> Shirley Collins > Songs > Blackbirds and Thrushes / The Lover’s Complaint

Blackbirds and Thrushes

[ Roud 12657 ; Master title: Blackbirds and Thrushes ; Ballad Index ShH36 ; VWML CJS2/10/255 , CJS2/10/932 ; Bodleian Roud 12657 ; trad.]

Isla Cameron sang Blackbirds and Thrushes on her and Ewan MacColl’s 1958 Riverside album English and Scottish Love Songs. A.L. Lloyd noted:

Cecil Sharp obtained this song in Somerset; the Irish musician, Petrie, heard it long before, in 1840. Whether it is English by birth or merely by adoption, we do not know, but there are few more effective lamentations against the tragedy of war than this sweet modest song.

Shirley Collins sang Blackbirds and Thrushes in 1959 on her first LP, Sweet England. The album’s notes comment:

An English lyric song from Sharp’s collection of English Folk Songs.

Lyrics

Shirley Collins sings Blackbirds and Thrushes

As I was a-walking for my recreation,
Down by the green meadows I silently strayed.
There I met a fair maid making great lamentation,
“Oh, Jimmy will be slain in the wars I’m afraid.”

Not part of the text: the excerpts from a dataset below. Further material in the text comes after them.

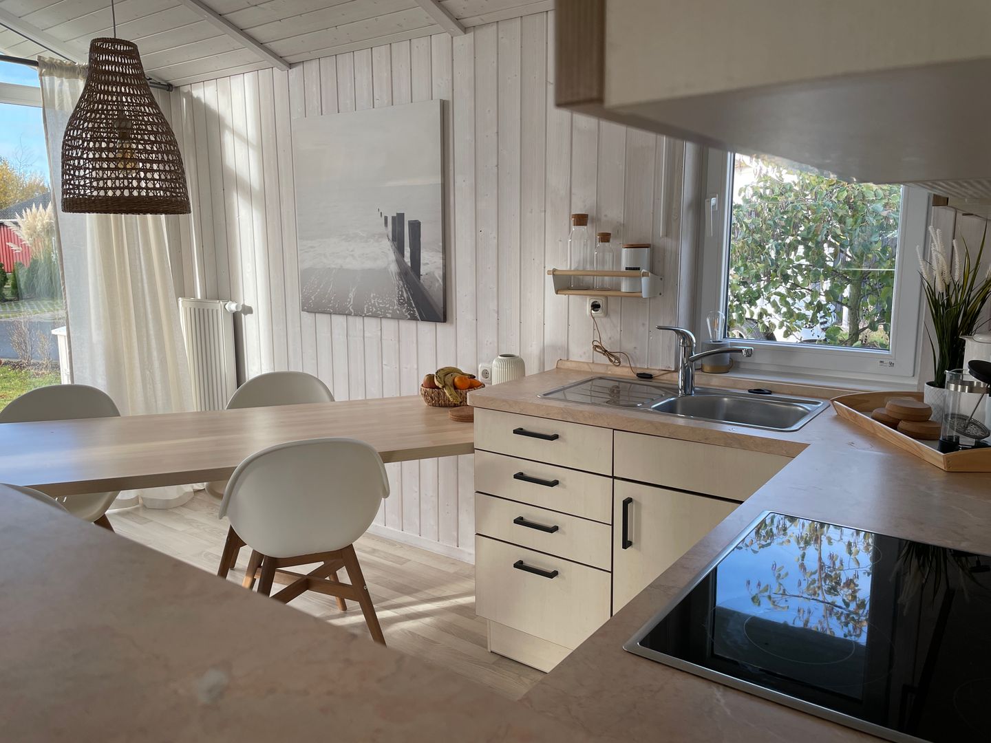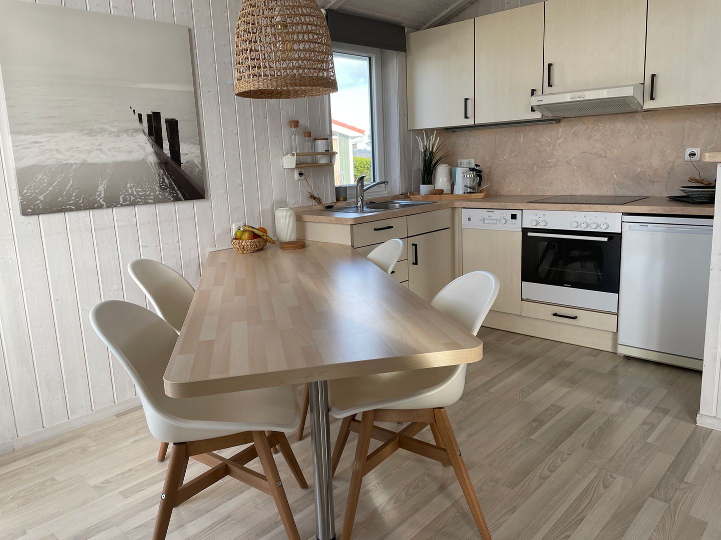 Das im Jahr 2011 errichtete und zuletzt 2021 renovierte Ferienhaus ist allergikerfreundlich gestaltet und verfügt über eine ebenerdige Raumaufteilung, die sich auf ein Wohnzimmer mit moderner Sofaecke, einen offenen Essbereich und eine offene, zum Wohnzimmer integrierte Küche verteilt. Die Böden sind mit pflegeleichtem Vinyl ausgestattet. Für wohlige Wärme sorgt eine Gasheizung, an kühleren Tagen steht Ihnen zusätzlich ein Kaminofen zur Verfügung.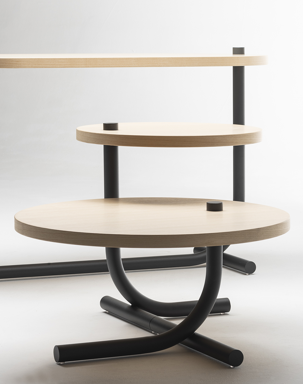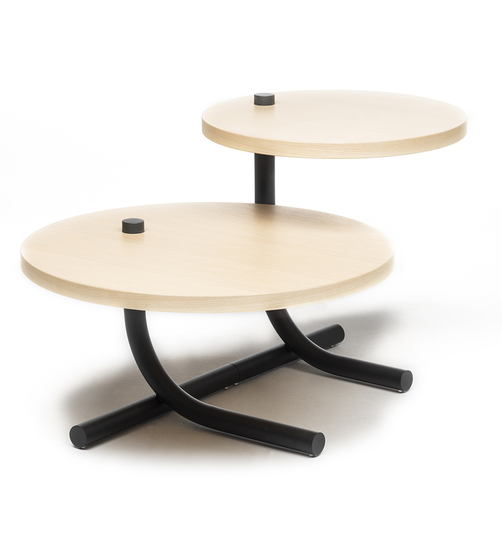 The Bubalus T-Me coffee table features an anthracite or ocean blue powder-coated steel frame with a natural or blue ocean matt lacquered ash veneered top.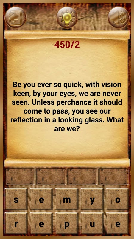 We have always loved riddles and we loved solving them, in this app we collected 450 of the most difficult riddles for you, and you can solve them in one word.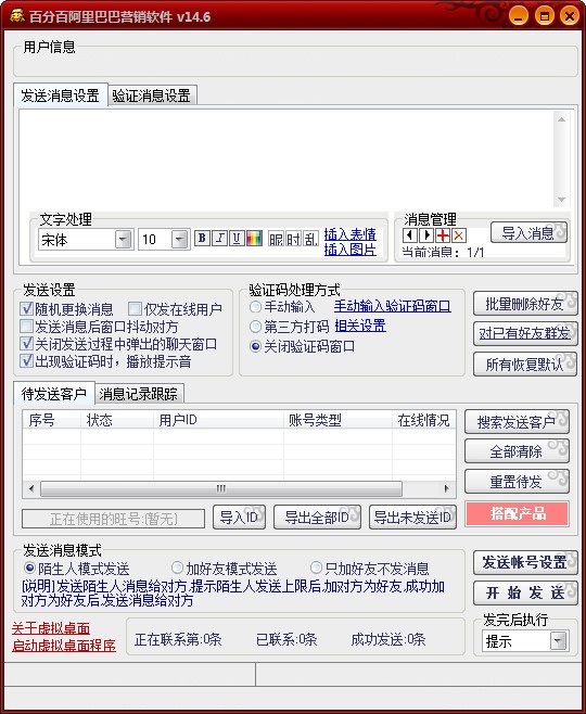 发送方式二:利用阿里巴巴中国站号、阿里巴巴国际站号发送,选择陌生人模式,直接给陌生人发信息。每个阿里巴巴中国站、阿里巴巴国际站白号每天可以发50-100条陌生人信息,第二天还可以继续发,百分百阿里巴巴营销软件中选择陌生人模式,设置批量自动登录阿里巴巴号,这样就可以实现全自动发信息。

The blackbirds and thrushes sing in the green bushes,
The larks and the doves seem to mourn for this maid.
And the song she sang was concerning her lover;
“Oh, Jimmy will be slain in the wars I’m afraid.”

When Jimmy returned with his heart full of yearning,
He found his dear Mary all dead in her grave.
He cried, “I’m forsaken, my poor heart is breaking,
I wish that I never had left this fair maid.”